Do you really need someone to tell you that
[tex] \sum_{k=1}^N \frac{1}{2k} = \frac{1}{2} \sum_{k=1}^N \frac{1}{k}\;?[/tex]

RGV

 

[gabbagabbahey]

by all means...enlighten me..where's the pattern...

([itex]\frac{5}{2}[/itex]+[itex]\frac{5}{6}[/itex]-[itex]\frac{5}{2}[/itex])+([itex]\frac{5}{4}[/itex]+[itex]\frac{5}{8}[/itex]-[itex]\frac{5}{3}[/itex])+([itex]\frac{5}{6}[/itex]+[itex]\frac{5}{10}[/itex]-[itex]\frac{5}{4}[/itex])+([itex]\frac{5}{8}[/itex]+[itex]\frac{5}{12}[/itex]-[itex]\frac{5}{5}[/itex])+([itex]\frac{5}{10}[/itex]+[itex]\frac{5}{14}[/itex]-[itex]\frac{5}{6}[/itex])+([itex]\frac{5}{12}[/itex]+[itex]\frac{5}{16}[/itex]-[itex]\frac{5}{7}[/itex])+([itex]\frac{5}{14}[/itex]+[itex]\frac{5}{18}[/itex]-[itex]\frac{5}{8}[/itex])+...+

while some terms do cancel, I do not see a patter out of the first 7 terms...but like I said...enlighten me

The pattern may indeed be a little difficult to see like this, but notice, for example, that [itex]\frac{5}{6}+\frac{5}{6}-\frac{5}{3}=0[/itex] and [itex]\frac{5}{8}+\frac{5}{8}-\frac{5}{4}=0[/itex].

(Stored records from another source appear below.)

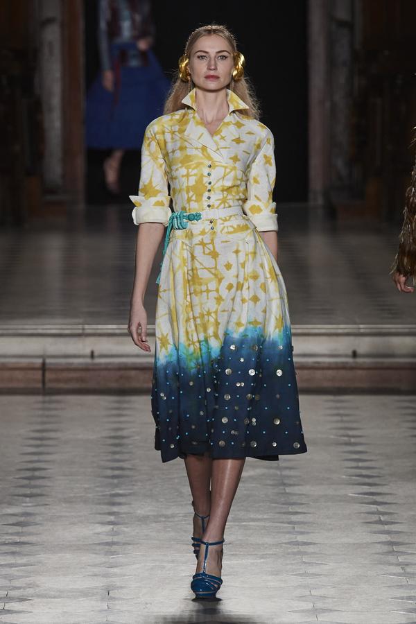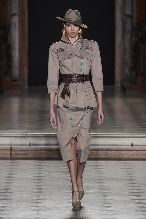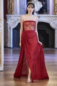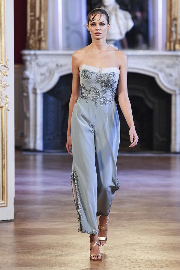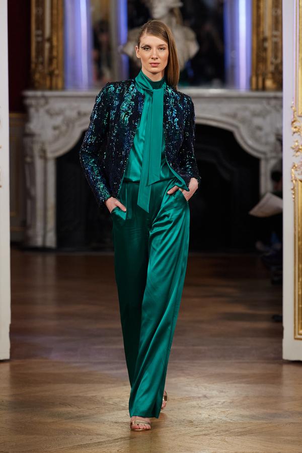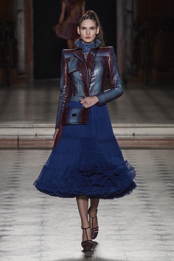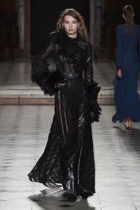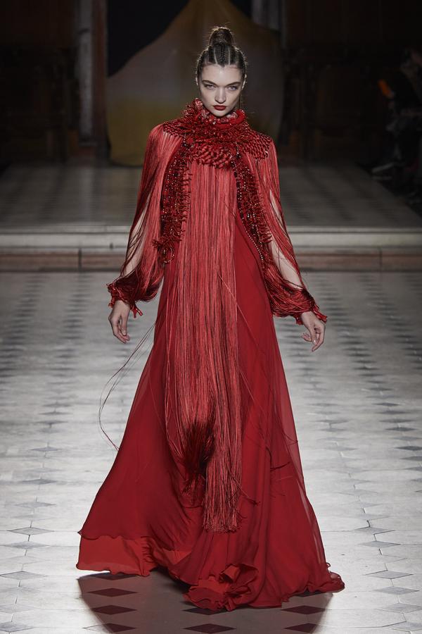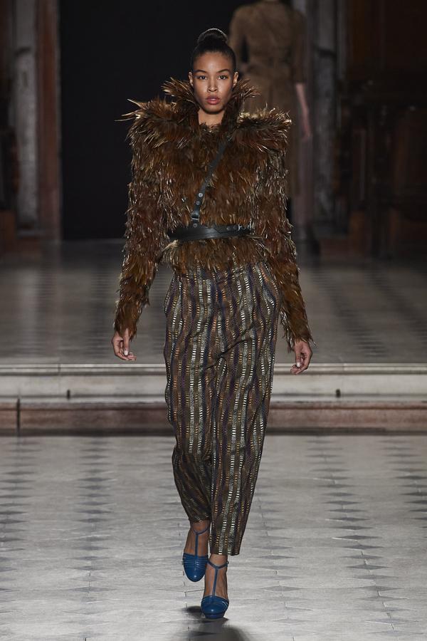 DEFILE JULIEN FOURNIE A L’ORATOIRE DU LOUVRE: Pour cette nouvelle collection intitulée « Premières Conquêtes » le couturier français met en scène des aventurières modernes, éprises de liberté et dont la soif de découvertes et de nouvelles rencontres est une source d’inspiration sans fin pour leurs tenues. Les silhouettes à la coupe parfaitement maîtrisée sont imposantes. Les vêtements, moins corsetés que d’habitude, se parent de broderies-talismans ou de gris-gris qu’on imagine avoir été recueillis au gré de ces pérégrinations. L’allure est structurée au moyen de ceintures à multiples lanières. Sacs, cartouchières et passementeries complètent l’équipement de ces aventurières intrépides et indépendantes.
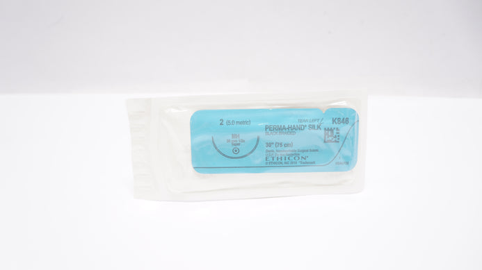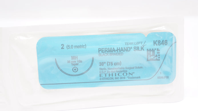 Ethicon K846 2 Perma-Hand Silk Black Braided Stre MH 36mm 1/2c Taper 30inch (x)
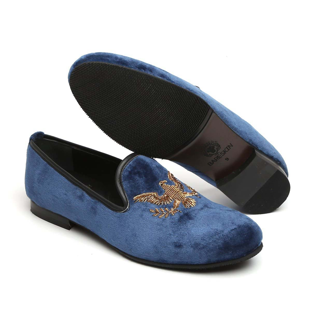 This elegant eagle Zardosi extra comfy Sleek Italian Navy Blue Velvet slip-on shoe is a pearl in style bucket. Zardosi Hand Work done by the most skilled sewing team in India makes this slip-on distinct from others. Rubber Sole with Anti Skid Pattern and extra cushioned padding in the insole. You just don't wear to Brune & Bareskin Shoes to Look Good. You wear Them, Because you have never worn a better Looking and Comfortable slip-ons ever. It is a must have footwear accessory to wear with ethnic to casual to semi formal clothes.
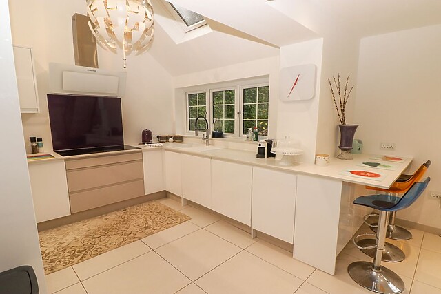 The kitchen includes amenities to make your stay smoother, such as a double oven and coffee maker, while the skylight in the dining area offers the chance to gaze at the stars on a clear night. On the ground floor, there’s a bedroom with a glass door, providing the perfect view of the garden to wake up to in the morning, as well as a convenient ground-floor shower room making it an ideal base for those with limited mobility.
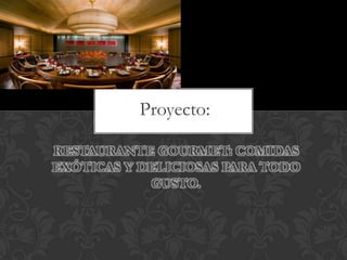 Este documento presenta un proyecto para abrir un restaurante gourmet que ofrecerá platos exóticos de diferentes culturas. El restaurante estará ubicado en Medellín y contará con chefs experimentados en cocina internacional. Se promoverá a través de anuncios en periódicos, guías telefónicas y revistas de aerolíneas para atraer a clientes interesados en nuevas experiencias culinarias. El objetivo es que las personas conozcan otras culturas a través de su gastronomía y generar ingresos con

To formally reorganize the sum so that the cancellations become obvious, first look at the finite sum and apply the second hint I gave you to both the 5/(2(n+2)) and -5(n+1) terms. After reorganizing the finite sum to get the desired cancellations, take the limit as N->infinity.